WHAT YOU NEED TO DO: Every entry is to be restated exactly; pictures are not part of the copy.
════════════════
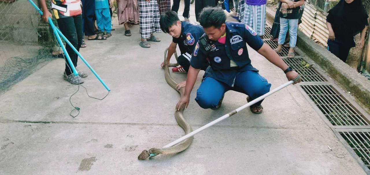 นายพีระพล ดือรือมอ อายุ 50 ปี ผู้พบเห็นคนแรก เล่าว่า ขณะที่นั่งเล่นอยู่บริเวณหน้าบ้าน ก็เห็นงูเลื้อยมาจากในคูน้ำแล้วเข้าไปใต้ถุนหลังบ้าน จึงเรียกเพื่อนบ้านมาดู ชาวบ้านบางคนก็บอกให้ตีเพราะปล่อยไว้จะเป็นอันตรายต่อเด็กและคนในหมู่บ้าน แต่บางคนก็บอกให้แจ้งกู้ภัย
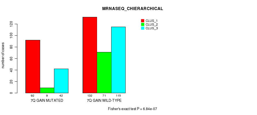 7q gain cnv correlated to 'CN_CNMF', 'METHLYATION_CNMF', 'MRNASEQ_CNMF', 'MRNASEQ_CHIERARCHICAL', 'MIRSEQ_CNMF', and 'MIRSEQ_MATURE_CNMF'.
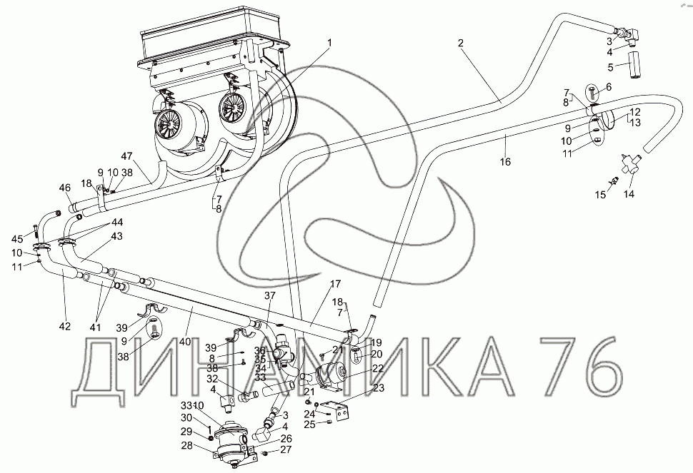 Перечень комплектующих от Установка трубопроводов отопителей кабин на МЗКТ-7930-200
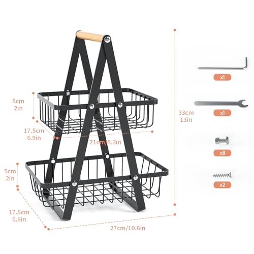 - سعة كبيرة مزدوجة الطبقات: وعاء فاكهة معدني بطبقتين أبعاد 27 × 17 × 29 سم. تصميم مزدوج الطبقات. سعة كبيرة وموفرة للمساحة على المكتب. يضمن تصميم الشبكة المفتوحة نضارة الفاكهة والخضروات.
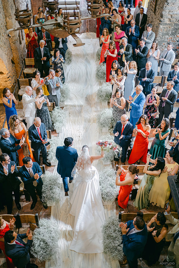 It has 150 chairs for guests, plus spaces on balconies and surrounding areas that allow more attendees to appreciate the ceremony. It is equipped with an altar, kneelers for the bride and groom, a tablecloth, candles and all the necessary accessories for the priest, offering a complete, functional and charming environment for your celebration.
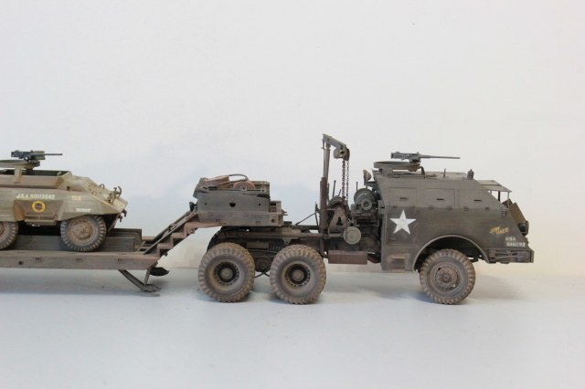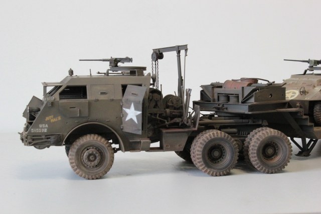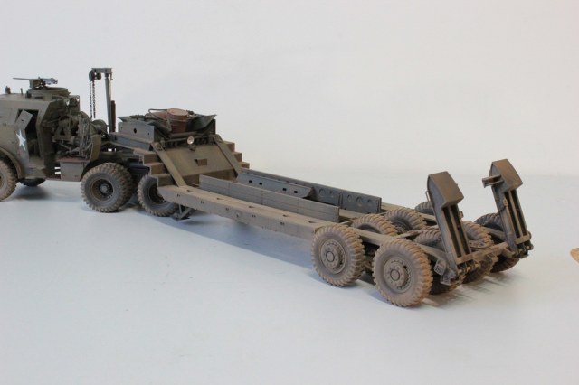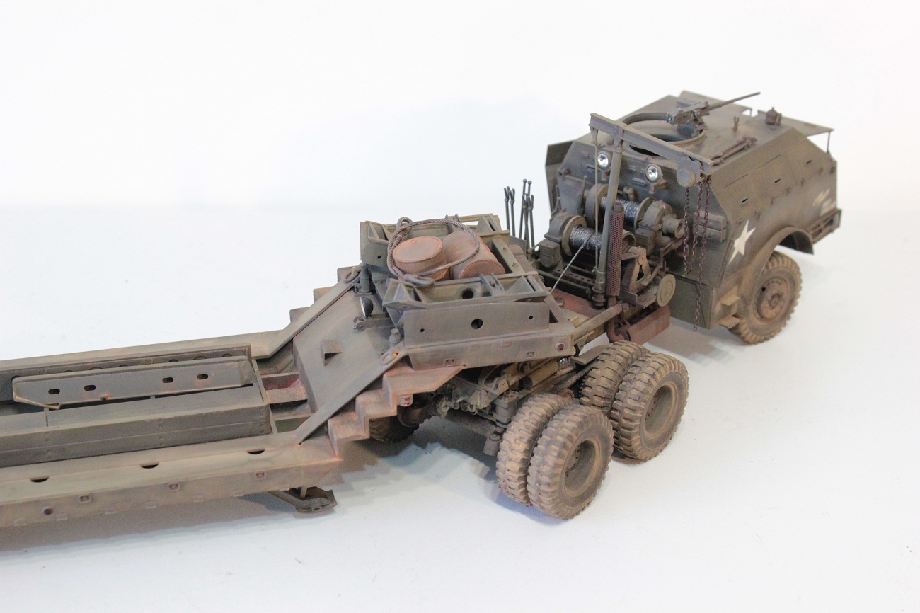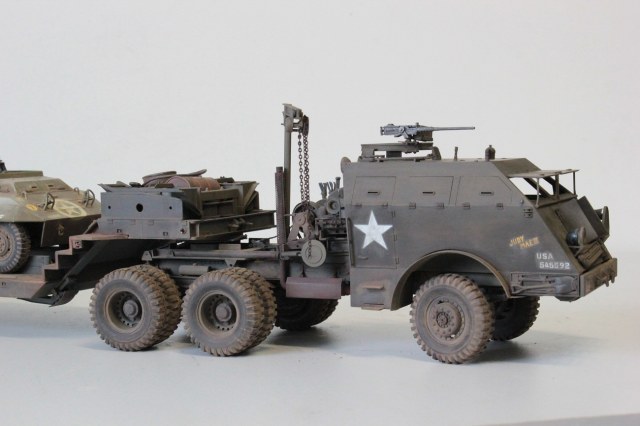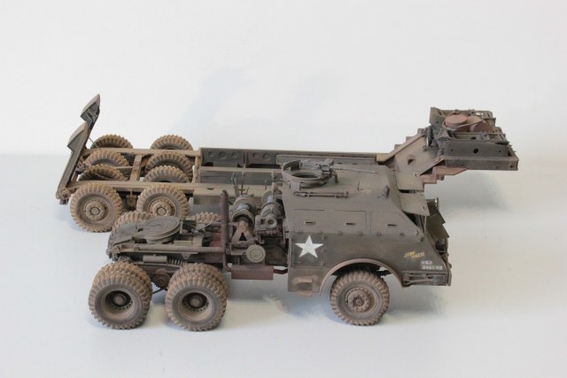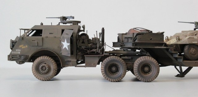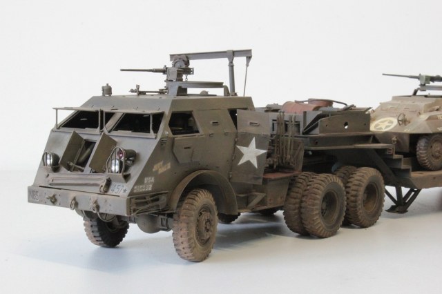 Модель «DRAGON WAGON U.S. 40 TON TANK TRANSPORTER» отфирмыТамия. Прототип модели – американский седельный тягач М25 (компания "Pacific") с полуприцепом-тяжеловозом М15 производства фирмы "Fruehauf". Автопоезд имел полную массу 93 тонны при длине в 19 метров и грузоподъёмности в 40 тонн. Отдельно без «телеги» тягач М25 мог использоваться в варианте 22-тонного бронированного эвакуатора и получал собственный индекс М26. Подробнее об истории этой замечательной машины можно прочитать в моей предшествующей работе «М26 ArmoredTankRecoveryVehicle».
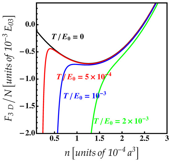 At finite temperature, the 3D free energy can be evaluated from Equation (7). Gathering quantum and thermal fluctuation contributions, we obtain [24]:
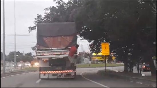 A cena foi registrada por volta de 18h30 de terça-feira (2), em uma das pistas da via que dá acesso à rodovia estadual RJ-216 (Campos-Farol). Não se sabe por quanto tempo o homem ficou pendurado no caminhão. Durante a gravação, que dura pouco mais de um minuto, o “acrobata” do caminhão chegou a descer por instantes, quando o veículo passa por um quebra-molas. Logo após, ele se pendura novamente e segue tranquilamente, apesar dos riscos de queda e de algum incidente.
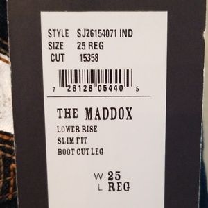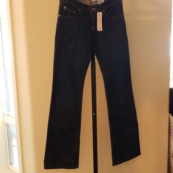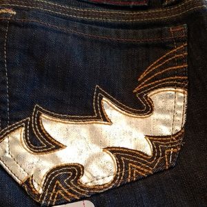 Dark wash. Silver screen print on back pockets. Not a heavy denim. Regular length.
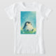 Um pintinho de pinguim giro e liso, com olhos fechados, está sentada contente em meio a um verde sob um céu azul brilhante com speck brancos flutuantes. A cena evoca uma atmosfera tranquila e alegre.
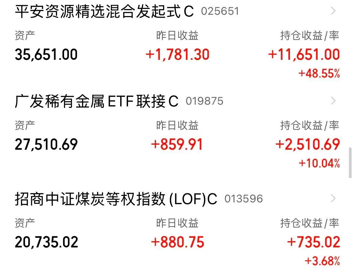 今天有色、煤炭、石油都是走V,近期主要加了煤炭,这个方向我觉得相对还没有动,我觉得目前资源有色还在前半程,如果回踩我再加大配置$平安资源精选混合发起式C(OTCFUND|025651)$
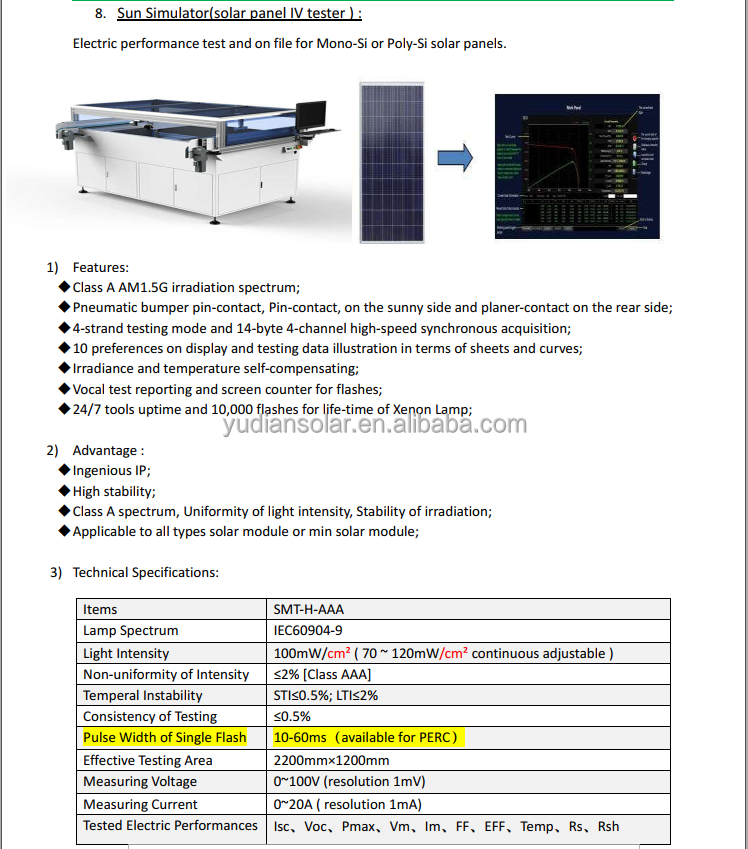 With strong technical strength and professionalism, Radiant has developed a variety of solar modules such as laminator (pneumatic clamshell laminator, large laminator, fully automatic laminator), framing machine, solar simulator, Cell Tester, etc. Production line equipment.
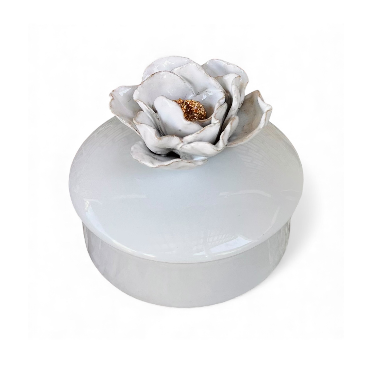 Sobre o branco da porcelana, uma peônia esculpida inteiramente à mão — pétalas suaves, volume orgânico e um miolo pintado em ouro de verdade, que ilumina a peça com um toque de elegância.
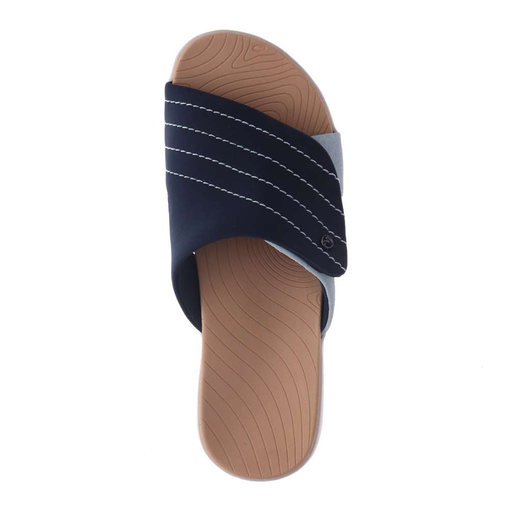 Ubud is a slide designed for your casual lifestyle. Great around the pool, at a BBQ or resort shopping. Great to pack in the bag and take on a cruise. Includes a single adjustable strap and with a soft and stretchy comfortable neoprene upper mixed with a luxe leather trim. Includes our famous comfort contoured arch support providing support and extreme comfort. You will love the comfort and the way you look and feel while on your feet all day.
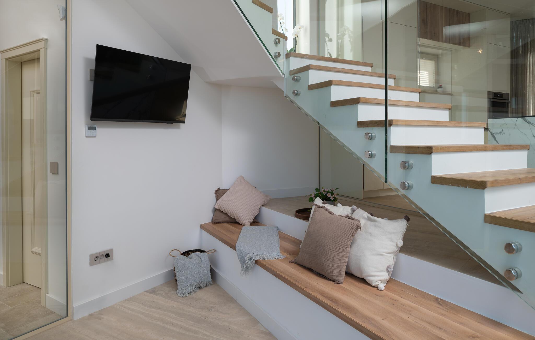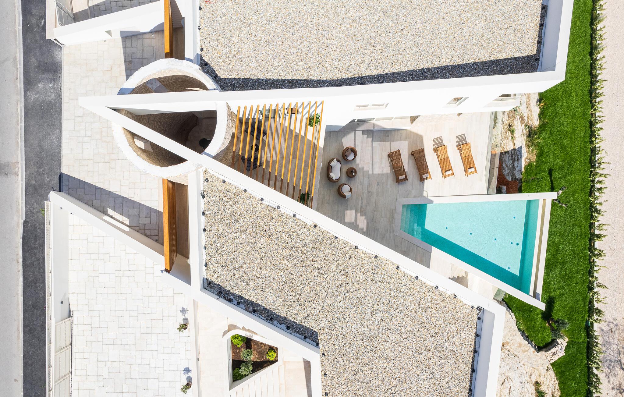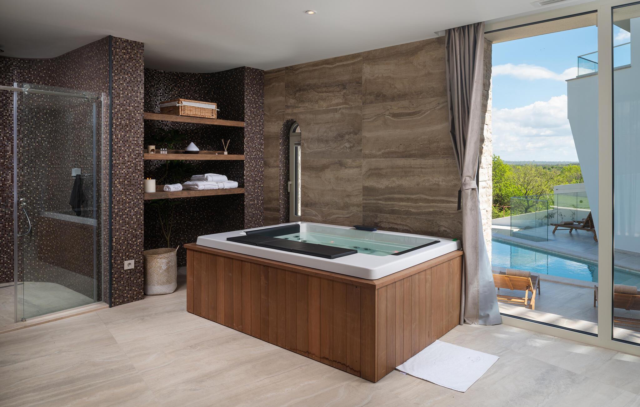 Dette moderne hus ligger i rolige omgivelser og byder jer velkommen med sin spændende arkitektur, der afspejler stilen fra de lokale kirker. Stilfulde designermøbler, natursten og varme trænuancer skaber en elegant, men indbydende atmosfære indenfor, der får jer til at føle jer hjemme. Det rummelige spa-område med sauna og spabad tilbyder den perfekte afslapning, og I kan nyde hyggelige aftener i villaens konoba (taverna).
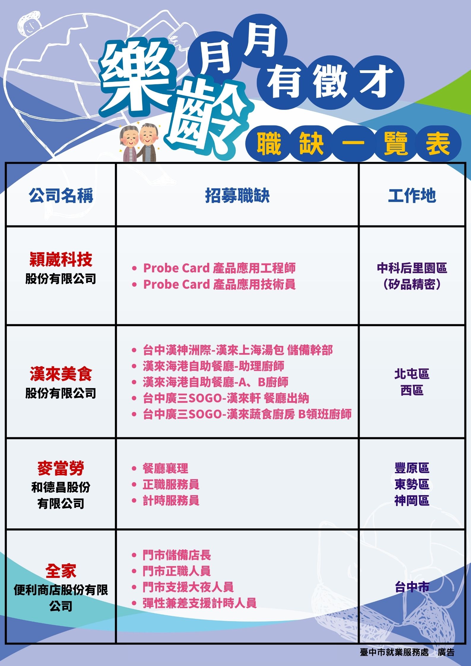 2025「富市台中 就業成功」樂齡就業月月有徵才
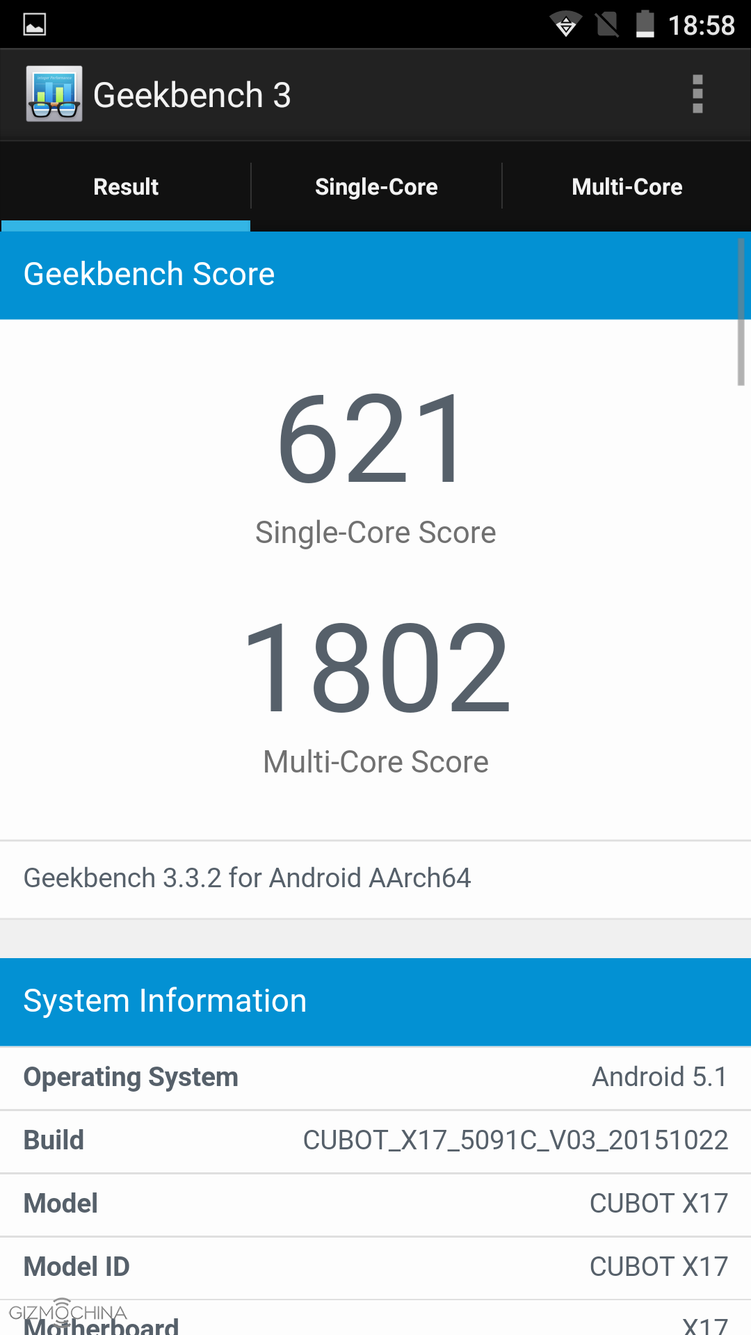 Cubot X17 has an MTK6735 chip with the clock speeds of 1.3GHz, generous 3GB of RAM and 16GB of expandable storage.
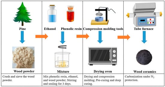 - Guo, X.; Zhang, W.; Jia, M.; Li, Y.; Wang, R.; Chen, H. Improvement of Mechanical Properties and Oxidation Resistance of Wood Ceramics and Their Use for PM2.5 Filtration. Ceram. Int. 2025, 51, 18662–18671. [Google Scholar] [CrossRef]
════════════════
EXERCISE OUTPUT:
 นายพีระพล ดือรือมอ อายุ 50 ปี ผู้พบเห็นคนแรก เล่าว่า ขณะที่นั่งเล่นอยู่บริเวณหน้าบ้าน ก็เห็นงูเลื้อยมาจากในคูน้ำแล้วเข้าไปใต้ถุนหลังบ้าน จึงเรียกเพื่อนบ้านมาดู ชาวบ้านบางคนก็บอกให้ตีเพราะปล่อยไว้จะเป็นอันตรายต่อเด็กและคนในหมู่บ้าน แต่บางคนก็บอกให้แจ้งกู้ภัย
 7q gain cnv correlated to 'CN_CNMF', 'METHLYATION_CNMF', 'MRNASEQ_CNMF', 'MRNASEQ_CHIERARCHICAL', 'MIRSEQ_CNMF', and 'MIRSEQ_MATURE_CNMF'.
 Перечень комплектующих от Установка трубопроводов отопителей кабин на МЗКТ-7930-200
 - سعة كبيرة مزدوجة الطبقات: وعاء فاكهة معدني بطبقتين أبعاد 27 × 17 × 29 سم. تصميم مزدوج الطبقات. سعة كبيرة وموفرة للمساحة على المكتب. يضمن تصميم الشبكة المفتوحة نضارة الفاكهة والخضروات.
 It has 150 chairs for guests, plus spaces on balconies and surrounding areas that allow more attendees to appreciate the ceremony. It is equipped with an altar, kneelers for the bride and groom, a tablecloth, candles and all the necessary accessories for the priest, offering a complete, functional and charming environment for your celebration.
 Модель «DRAGON WAGON U.S. 40 TON TANK TRANSPORTER» отфирмыТамия. Прототип модели – американский седельный тягач М25 (компания "Pacific") с полуприцепом-тяжеловозом М15 производства фирмы "Fruehauf". Автопоезд имел полную массу 93 тонны при длине в 19 метров и грузоподъёмности в 40 тонн. Отдельно без «телеги» тягач М25 мог использоваться в варианте 22-тонного бронированного эвакуатора и получал собственный индекс М26. Подробнее об истории этой замечательной машины можно прочитать в моей предшествующей работе «М26 ArmoredTankRecoveryVehicle».
 At finite temperature, the 3D free energy can be evaluated from Equation (7). Gathering quantum and thermal fluctuation contributions, we obtain [24]:
 A cena foi registrada por volta de 18h30 de terça-feira (2), em uma das pistas da via que dá acesso à rodovia estadual RJ-216 (Campos-Farol). Não se sabe por quanto tempo o homem ficou pendurado no caminhão. Durante a gravação, que dura pouco mais de um minuto, o “acrobata” do caminhão chegou a descer por instantes, quando o veículo passa por um quebra-molas. Logo após, ele se pendura novamente e segue tranquilamente, apesar dos riscos de queda e de algum incidente.
 Dark wash. Silver screen print on back pockets. Not a heavy denim. Regular length.
 Um pintinho de pinguim giro e liso, com olhos fechados, está sentada contente em meio a um verde sob um céu azul brilhante com speck brancos flutuantes. A cena evoca uma atmosfera tranquila e alegre.
 今天有色、煤炭、石油都是走V,近期主要加了煤炭,这个方向我觉得相对还没有动,我觉得目前资源有色还在前半程,如果回踩我再加大配置$平安资源精选混合发起式C(OTCFUND|025651)$
 With strong technical strength and professionalism, Radiant has developed a variety of solar modules such as laminator (pneumatic clamshell laminator, large laminator, fully automatic laminator), framing machine, solar simulator, Cell Tester, etc. Production line equipment.
 Sobre o branco da porcelana, uma peônia esculpida inteiramente à mão — pétalas suaves, volume orgânico e um miolo pintado em ouro de verdade, que ilumina a peça com um toque de elegância.
 Ubud is a slide designed for your casual lifestyle. Great around the pool, at a BBQ or resort shopping. Great to pack in the bag and take on a cruise. Includes a single adjustable strap and with a soft and stretchy comfortable neoprene upper mixed with a luxe leather trim. Includes our famous comfort contoured arch support providing support and extreme comfort. You will love the comfort and the way you look and feel while on your feet all day.
 Dette moderne hus ligger i rolige omgivelser og byder jer velkommen med sin spændende arkitektur, der afspejler stilen fra de lokale kirker. Stilfulde designermøbler, natursten og varme trænuancer skaber en elegant, men indbydende atmosfære indenfor, der får jer til at føle jer hjemme. Det rummelige spa-område med sauna og spabad tilbyder den perfekte afslapning, og I kan nyde hyggelige aftener i villaens konoba (taverna).
 2025「富市台中 就業成功」樂齡就業月月有徵才
 Cubot X17 has an MTK6735 chip with the clock speeds of 1.3GHz, generous 3GB of RAM and 16GB of expandable storage.
 - Guo, X.; Zhang, W.; Jia, M.; Li, Y.; Wang, R.; Chen, H. Improvement of Mechanical Properties and Oxidation Resistance of Wood Ceramics and Their Use for PM2.5 Filtration. Ceram. Int. 2025, 51, 18662–18671. [Google Scholar] [CrossRef]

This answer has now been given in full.